“Dieci Stratagemmi” era stato un album intellettualmente vivace. In esso Battiato era ancora vitale, sebbene la scaletta si concludesse con un brano dagli umori apparentemente apocalittici come “La porta dello spavento supremo (il sogno)”:

“Quello che c'è, ciò che verrà
ciò che siamo stati
e comunque andrà
tutto si dissolverà
Nell'apparenza e nel reale
nel regno fisico o in quello astrale
tutto si dissolverà

Sulle scogliere fissavo il mare
che biancheggiava nell'oscurità
tutto si dissolverà

Bisognerà per forza
attraversare alla fine
la porta dello spavento supremo”


Il conoscitore smaliziato di Battiato non si sorprenderà più di tanto, abituato all’approccio esistenzialista che soggiace alle liriche del cantautore siciliano, spesso coadiuvato dall’amico filosofo Manlio Sgalambro: da un lato, uno sguardo feroce rivolto a quel mondo materiale che è dominio di vizio e corruzione; dall’altro, la ricerca spirituale che innalza ed eleva alla virtù.

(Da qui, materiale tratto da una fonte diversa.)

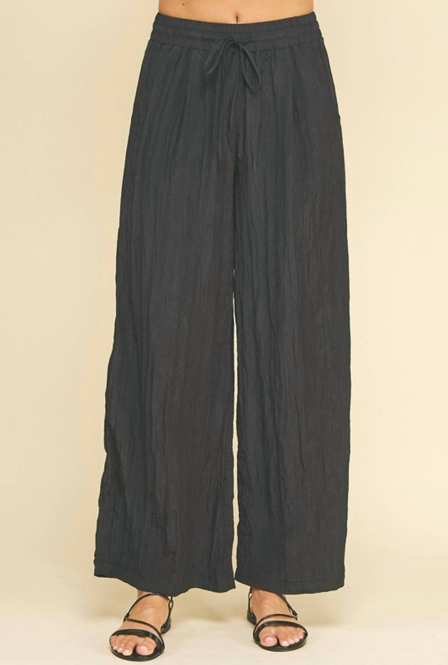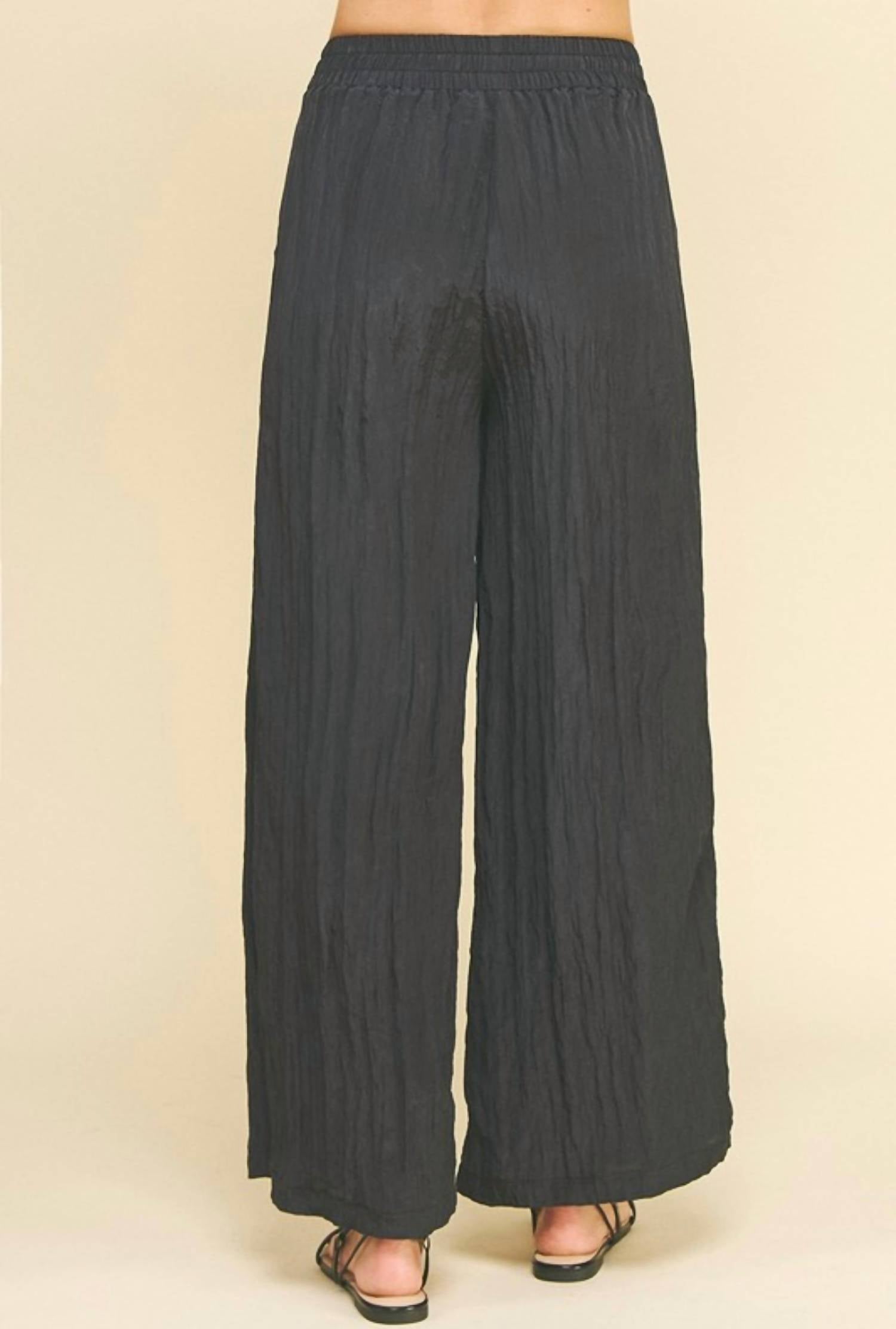 Stylish choice in a deep ink hue. Feature a relaxed fit with a high-rise waist and wide leg style, finished with a pull-on closure for ease. Lightweight fabric boasts a playful texture and practical pockets, making them perfect for travel and year-round style. Hand wash.

In verità, nel Battiato-pensiero la Morte viene superata attraverso la ricerca del Divino (“E ti vengo a cercare” ne è l’esempio più noto). In questo percorso, le discipline orientali, le pratiche di meditazione sono strumenti utili per raggiungere una maggiore consapevolezza; l’immortalità, infine, l’individuo la trova confluendo nell’Universale, come parte di un tutto, e il meccanismo della reincarnazione ha in questo un ruolo (a proposito di “nuove forme di esistenza” si vada a leggere i testi di “Il mantello e la spiga” e “Vite parallele”). La Morte non è pertanto una novità in casa Battiato, ma anche quando il tema veniva in passato trattato in modo esplicito, raramente il discorso si ammantava di toni drammatici: lo sguardo severo ed accigliato era piuttosto rivolto alla pochezza ed alla vacuità dell’esistenza terrena; ma quanto alla Morte stessa, essa veniva contemplata con sereno distacco o, nel peggiore dei casi, con ironia. In “Breve invito a rinviare il suicidio”, per esempio, egli cantava:

”Va bene, hai ragione,
se ti vuoi ammazzare.
Vivere è un offesa
che desta indignazione...
Ma per ora rimanda...
E' solo un breve invito, rinvialo.”


Era il 1995, Battiato aveva cinquant’anni. Già dieci anni più tardi (“Dieci stratagemmi” è del 2004) il suo sguardo si inacidirà; quasi vent’anni dopo il discorso si farà ulteriormente più cupo:

“Ho voglia di appartarmi e di seguire la mia sorte, perché morire è come un sogno.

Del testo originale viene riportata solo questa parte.